WORK REQUIRED. Between the line containing "全面收录各领域企业家、投资人" and the line containing "최첨단 AI 기술에 기반한" lies a run of lines; give that run again exactly, with both of those lines, and nothing else from the entries below.

EXERCISE INPUTS.
-*-

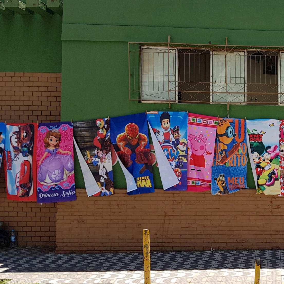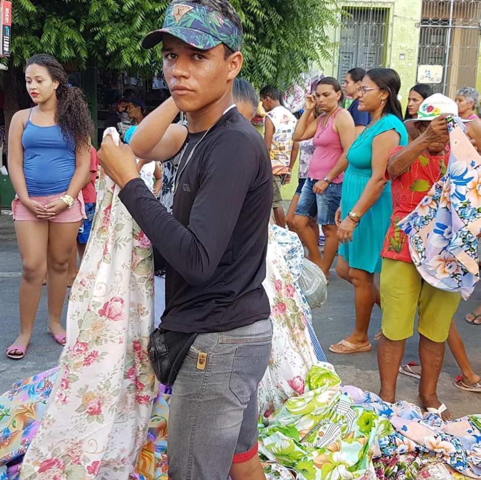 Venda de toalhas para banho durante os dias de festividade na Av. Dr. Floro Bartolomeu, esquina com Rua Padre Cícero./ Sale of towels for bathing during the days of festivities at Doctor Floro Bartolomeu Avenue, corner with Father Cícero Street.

-*-

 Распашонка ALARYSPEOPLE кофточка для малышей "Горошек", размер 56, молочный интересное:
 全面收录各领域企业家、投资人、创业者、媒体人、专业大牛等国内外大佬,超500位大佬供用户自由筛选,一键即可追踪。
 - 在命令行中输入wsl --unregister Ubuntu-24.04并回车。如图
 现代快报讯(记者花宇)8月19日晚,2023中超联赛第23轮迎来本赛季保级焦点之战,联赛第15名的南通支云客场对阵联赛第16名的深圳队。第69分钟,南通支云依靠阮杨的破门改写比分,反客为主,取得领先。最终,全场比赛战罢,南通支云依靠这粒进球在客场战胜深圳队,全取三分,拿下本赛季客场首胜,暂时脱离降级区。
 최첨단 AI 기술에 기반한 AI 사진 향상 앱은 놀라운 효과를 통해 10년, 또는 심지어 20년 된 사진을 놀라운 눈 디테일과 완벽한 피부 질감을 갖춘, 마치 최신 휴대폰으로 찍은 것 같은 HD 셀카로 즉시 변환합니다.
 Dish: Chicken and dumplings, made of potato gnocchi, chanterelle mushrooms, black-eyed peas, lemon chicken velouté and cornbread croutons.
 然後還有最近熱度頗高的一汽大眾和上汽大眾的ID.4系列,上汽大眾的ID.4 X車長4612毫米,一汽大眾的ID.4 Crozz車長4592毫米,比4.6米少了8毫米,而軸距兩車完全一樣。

-*-

REPLY.
 全面收录各领域企业家、投资人、创业者、媒体人、专业大牛等国内外大佬,超500位大佬供用户自由筛选,一键即可追踪。
 - 在命令行中输入wsl --unregister Ubuntu-24.04并回车。如图
 现代快报讯(记者花宇)8月19日晚,2023中超联赛第23轮迎来本赛季保级焦点之战,联赛第15名的南通支云客场对阵联赛第16名的深圳队。第69分钟,南通支云依靠阮杨的破门改写比分,反客为主,取得领先。最终,全场比赛战罢,南通支云依靠这粒进球在客场战胜深圳队,全取三分,拿下本赛季客场首胜,暂时脱离降级区。
 최첨단 AI 기술에 기반한 AI 사진 향상 앱은 놀라운 효과를 통해 10년, 또는 심지어 20년 된 사진을 놀라운 눈 디테일과 완벽한 피부 질감을 갖춘, 마치 최신 휴대폰으로 찍은 것 같은 HD 셀카로 즉시 변환합니다.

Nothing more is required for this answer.